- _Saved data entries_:
==========

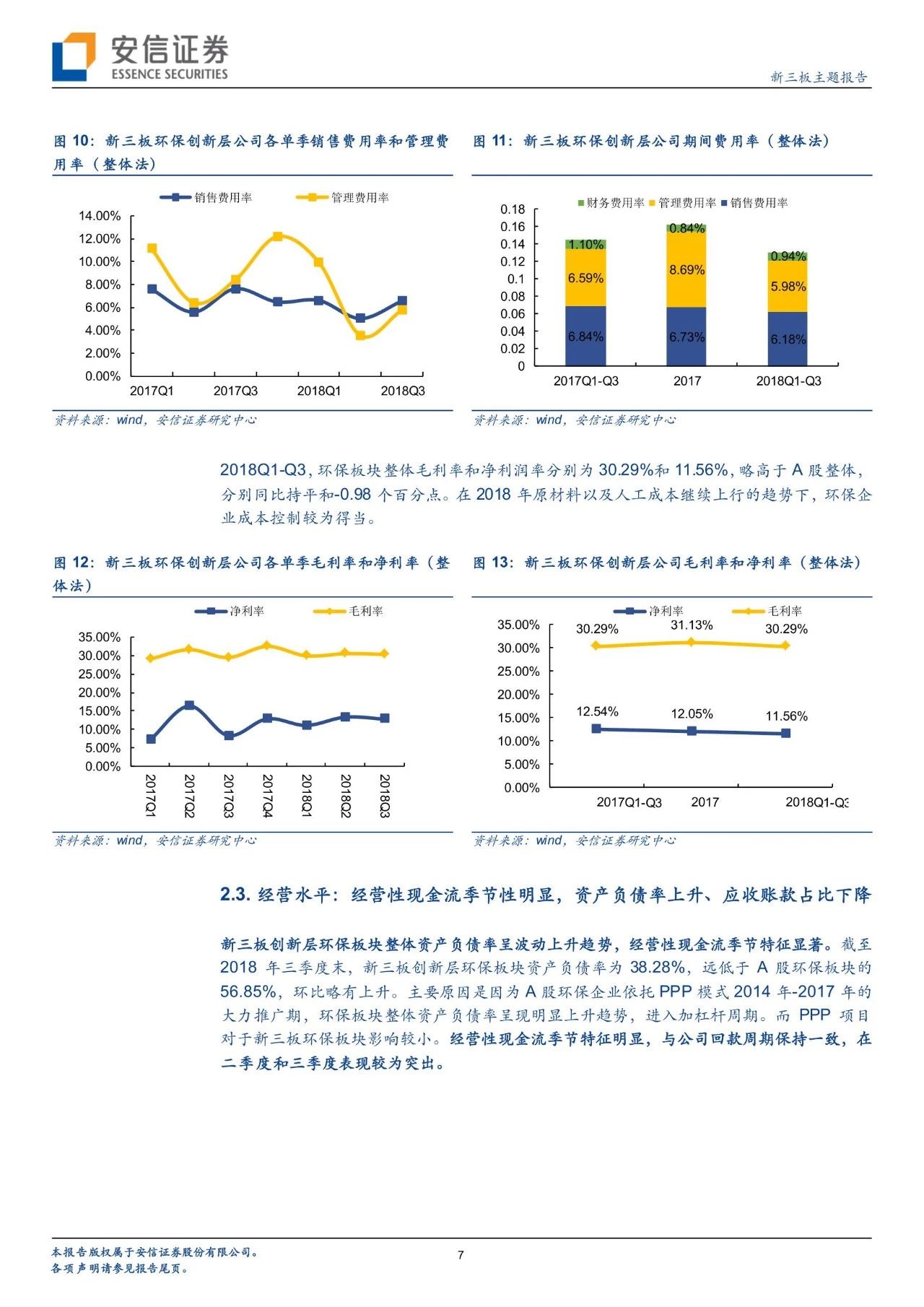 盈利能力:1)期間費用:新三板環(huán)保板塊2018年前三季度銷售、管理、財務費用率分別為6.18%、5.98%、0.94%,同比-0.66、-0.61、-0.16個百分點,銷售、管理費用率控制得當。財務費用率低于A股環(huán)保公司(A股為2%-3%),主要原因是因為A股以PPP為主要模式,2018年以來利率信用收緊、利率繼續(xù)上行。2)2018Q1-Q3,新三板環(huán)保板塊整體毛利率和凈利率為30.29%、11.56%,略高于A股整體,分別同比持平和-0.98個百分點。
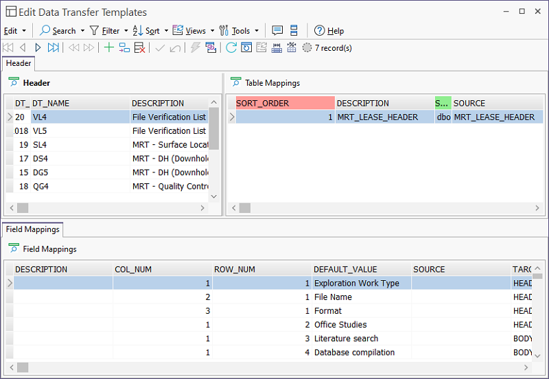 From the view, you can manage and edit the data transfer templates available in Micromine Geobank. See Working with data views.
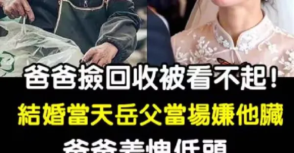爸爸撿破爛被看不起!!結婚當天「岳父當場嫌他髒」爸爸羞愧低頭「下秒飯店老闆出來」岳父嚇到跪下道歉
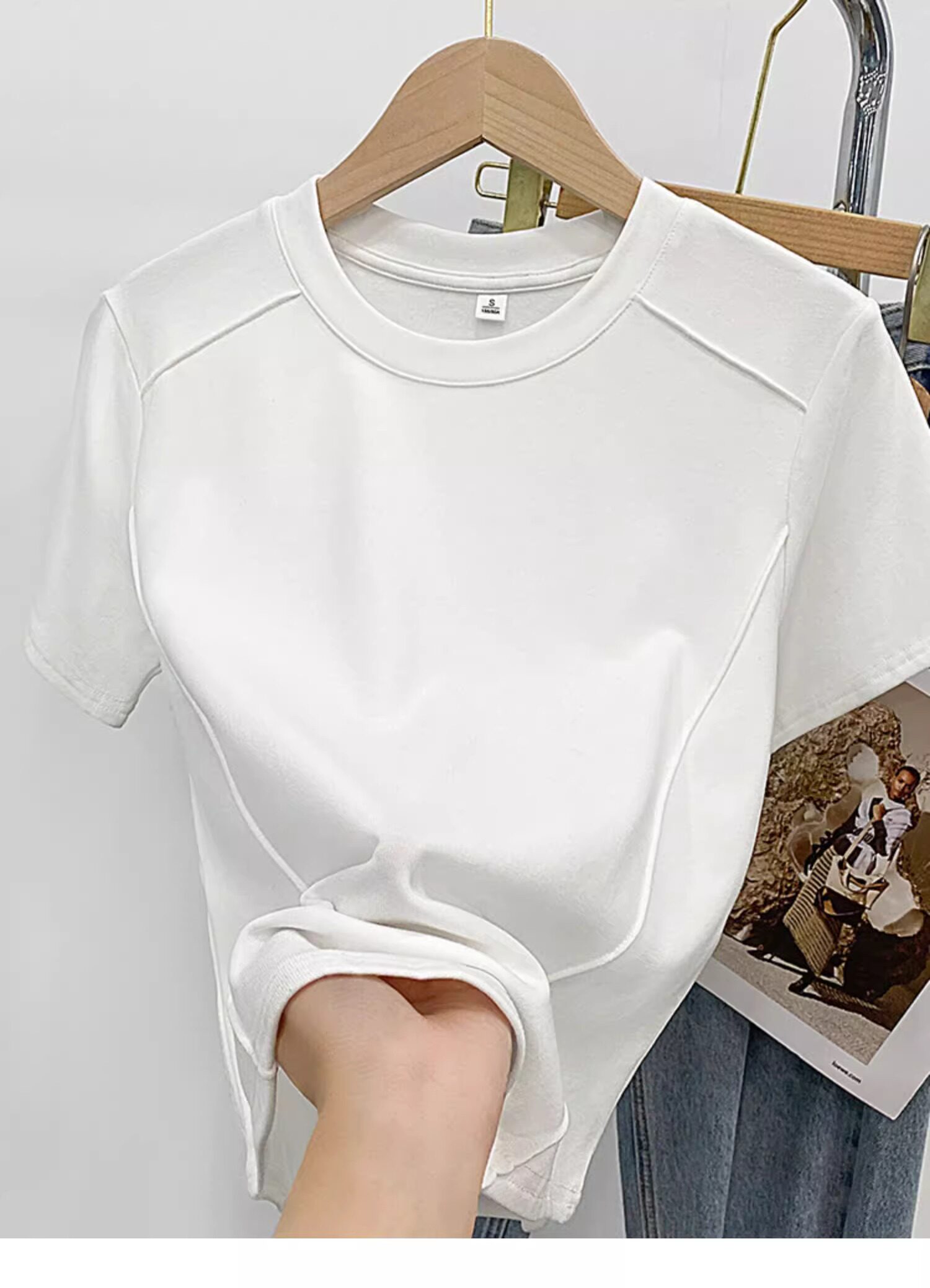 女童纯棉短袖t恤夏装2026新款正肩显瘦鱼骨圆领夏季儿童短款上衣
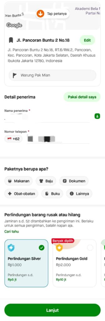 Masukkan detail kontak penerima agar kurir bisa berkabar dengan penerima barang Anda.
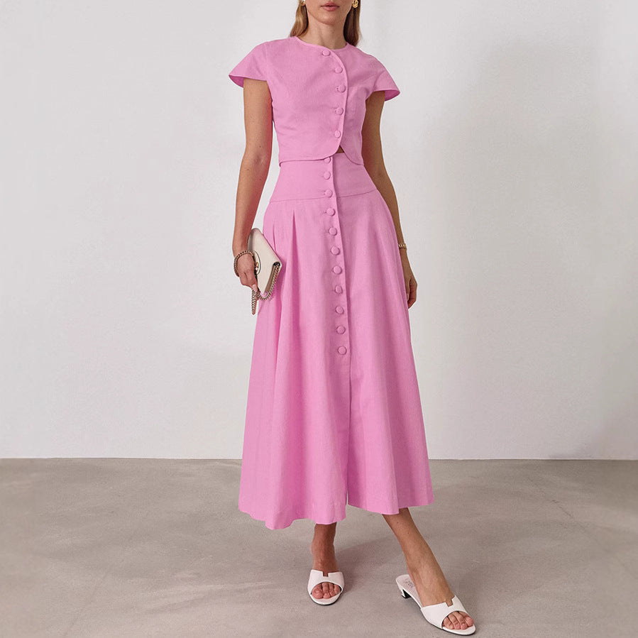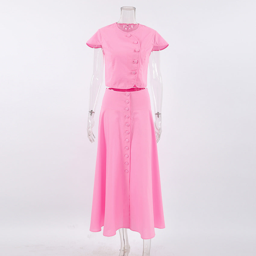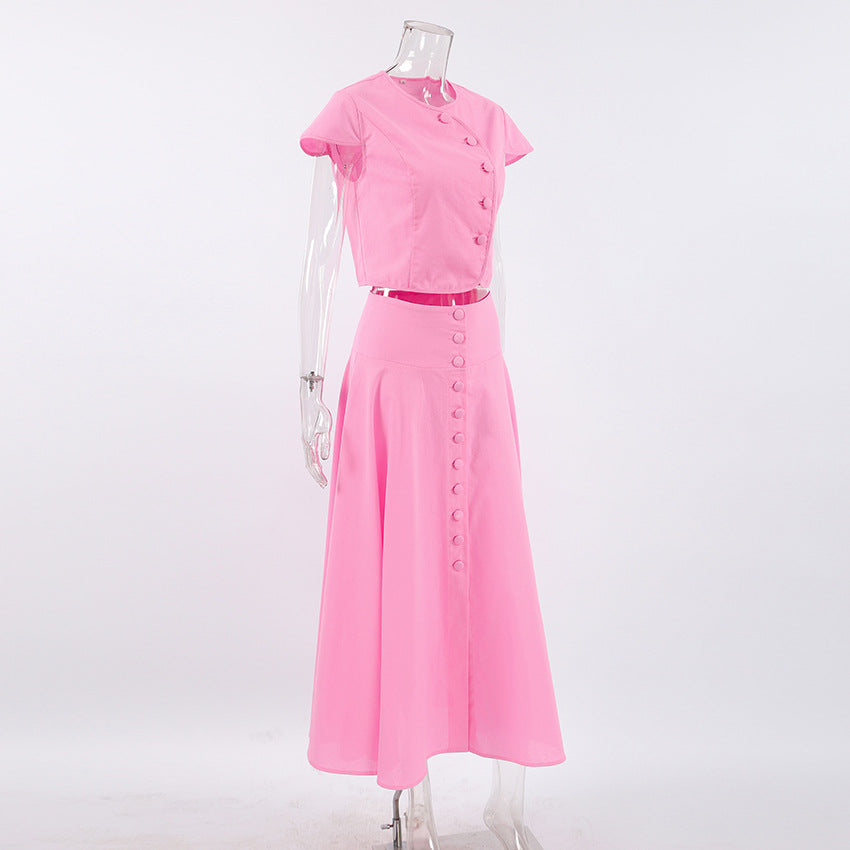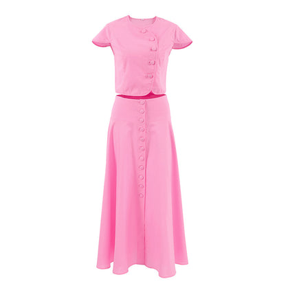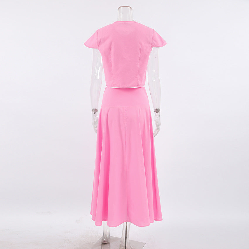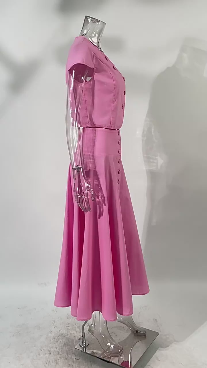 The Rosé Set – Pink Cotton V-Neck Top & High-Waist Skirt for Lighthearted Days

==========

- _PROBLEM_: Print every record above exactly as written, leaving out the pictures.

- _THE COMPLETED TASK_:
 盈利能力:1)期間費用:新三板環(huán)保板塊2018年前三季度銷售、管理、財務費用率分別為6.18%、5.98%、0.94%,同比-0.66、-0.61、-0.16個百分點,銷售、管理費用率控制得當。財務費用率低于A股環(huán)保公司(A股為2%-3%),主要原因是因為A股以PPP為主要模式,2018年以來利率信用收緊、利率繼續(xù)上行。2)2018Q1-Q3,新三板環(huán)保板塊整體毛利率和凈利率為30.29%、11.56%,略高于A股整體,分別同比持平和-0.98個百分點。
 From the view, you can manage and edit the data transfer templates available in Micromine Geobank. See Working with data views.
爸爸撿破爛被看不起!!結婚當天「岳父當場嫌他髒」爸爸羞愧低頭「下秒飯店老闆出來」岳父嚇到跪下道歉
 女童纯棉短袖t恤夏装2026新款正肩显瘦鱼骨圆领夏季儿童短款上衣
 Masukkan detail kontak penerima agar kurir bisa berkabar dengan penerima barang Anda.
 The Rosé Set – Pink Cotton V-Neck Top & High-Waist Skirt for Lighthearted Days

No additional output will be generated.